One piece of equipment that firefighters often take for granted is the fire hydrant. It is as vital to the operations as any other piece of equipment! However, the fire hydrant is often overlooked because it’s not carried on the apparatus like our other tools.The wet barrel hydrant is used exclusively in milder climates, where there is no chance of it freezing.
Wet Barrel Components:
The wet barrel fire hydrant has a number of advantages that the dry barrel does not have. The biggest advantage is that all the mechanical parts used in its operation are located above ground. This makes it much easier to access should repairs need to be made on it.
Another nice feature of the wet barrel style hydrant is the location of the valve. The valve is right at the caps, which means the caps cannot be removed and debris placed in the barrel. This is a constant problem with the dry barrel hydrant in the urban setting. Plastic bags are the worst as they plug the intakes on the pump.

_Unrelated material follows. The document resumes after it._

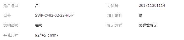 二、SWP-C403-02-23-HL-P具體參數(shù):外形尺寸:96*48mm開孔尺寸:92*45mm不帶通訊 4-20ma輸出,可切換輸入,帶上下限報警、24v饋電輸出。

Because the valves are all independent, adding another discharge line during operations is much quicker, as the hydrant does not have to be shut down. Just connect another line to whichever discharge valve is available and, once connected, operate the valve associated with it to flow water. It’s just that easy.
The wet barrel hydrant consists essentially of a bury section and a top section. The bury section is located underground and provides the inlet for the water from the branch connection, which is then connected to the water main.
The top section, which is also commonly called the body of the hydrant, extends vertically from the burysection. This top section is the main body where all the outlet valves and hardware are located. Each valve is associated to an independent outlet nozzle, which controls the flow of water. By attaching the hydrant wrench to the valve nut opposite the nozzle selected for use, and turning it counterclockwise, the valve will open and the water will begin to flow. To shut the valve down, the firefighter will need to turn the nut clockwise.
All outlet nozzles require a cap on them when the hydrant is not in use; this protects the threads from becoming damaged.